Originally, the ISGW model was introduced to see that the free-quark decay model
for $B\to X\ell{\bar\nu}$ might be deficient in the end point region where
the lepton energy is near its maximum.

One important demerit of the ISGW is that it underestimates the form factors
at high $q^2$ \cite{ISGW2}.
This deficiency is due to the Gaussian wave function, which is a direct
consequence of the classical potential.
Besides, the exponential factor makes it
unnatural that the decay rates are very sensitive to the kinematical points
where the two-body decay rate is determined.
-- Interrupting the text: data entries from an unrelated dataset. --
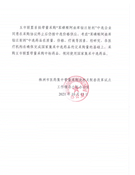 【株洲】湖南省株洲市关于终止五市联盟首批带量采购“苯磺顺阿曲库铵”“艾司奥美拉唑”“兰索拉唑”“多西他赛”“吉西他滨”中选药品采购协议的通知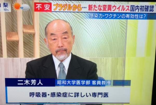 1月11日のフジテレビとくダネ!にコロナ評論家の一人、二木芳人昭和大学医学部客員教授が出演し、変異ウイルスについてコメントしていた。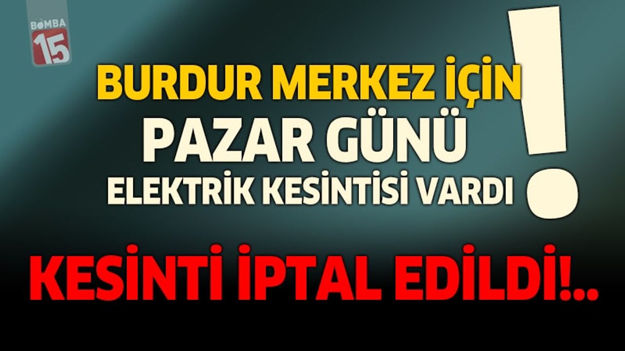 TEİAŞ 7. Bölge Müdürlüğü, 23 Kasım Pazar günü Burdur merkez ve Akyaka Trafo Merkezi’nde yapılacağı duyurulan planlı elektrik kesintisinin iptal edildiğini açıkladı.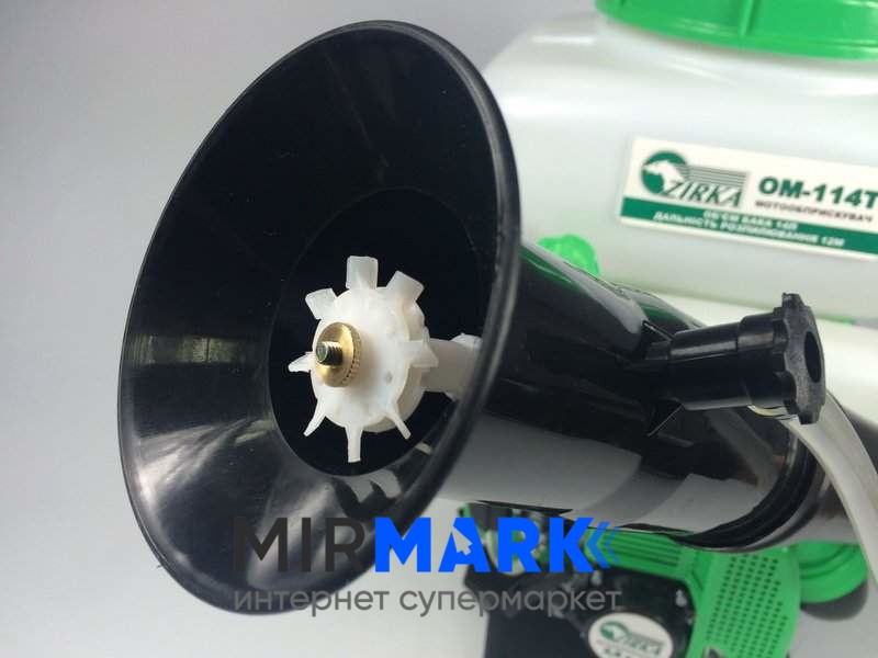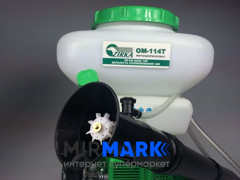 Мотоопрыскиватель Zirka ОМ-114Т - очень эффективен в обработке насаждений как жидкими, так и сухими пестицидами, по распылению гранулированных и жидких ядохимикатов и удобрений против заболеваний флоры и для обезвреживания от паразитов. Раствор распыляется мелкими каплями потоком воздуха на большой скорости, а сама конструкция предусматривает нагнетание дополнительного давления в баке, для обработки достаточно высоких растений. Рычаг управления мотоопрыскивателем находится на раструбе, для удобства оператора.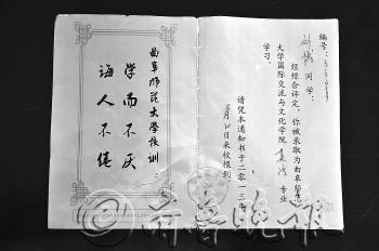 眼看报到日期就到了,通知书却还躺在长途汽车站的招领处,不少人为考生“刘博”捏了一把汗。 记者带着录取通知书,想要通过曲师大找到“刘博”时,却得到了另一个完全出乎意料的结果……

Even a small uncertainty can result in a big fluctuation of the form factors.
As an illustration,
we list in Table \ref{FISGW} the values of the form factors calculated at
$q^2=m_\pi^2,~m_K^2$, and $t_m$ in the ISGW model (corresponding values in
ISGW2 are also given as comparisons) for $B\to PT$.
At $q^2=m_\pi^2$ or $m_K^2$, $\F\approx -0.03$ for all $T$.
However, at maximum momentum transfer, the values of the form factors increase
by almost an order of magnitude, e.g., $\F\approx -0.2$ for $T=a_2,~f_2,~f_2'$.
Consequently, the prediction of the branching ratios for $B\to PT$ increase by
about two orders of magnitude.
Typically, the branching ratios increase from $\calO(10^{-8})\sim\calO(10^{-7})$
to $\calO(10^{-6})\sim\calO(10^{-5})$.
For example, $\calB(B^+\to\pi^+ a_2^0)\simeq (35-45)\times 10^{-8}$ with
$\F(m_\pi^2)$, while the branching ratio amounts to
$\simeq (15-19)\times 10^{-6}$ when $\F(t_m)$ is used.
\par
In the ISGW2 model, all the advantages of the heavy quark symmetry (HQS) are
included.
Though the ISGW2 still needs model calculations,
the use of HQS considerably reduces the ambiguities which appeared in the original
ISGW when obtaining physical form factors.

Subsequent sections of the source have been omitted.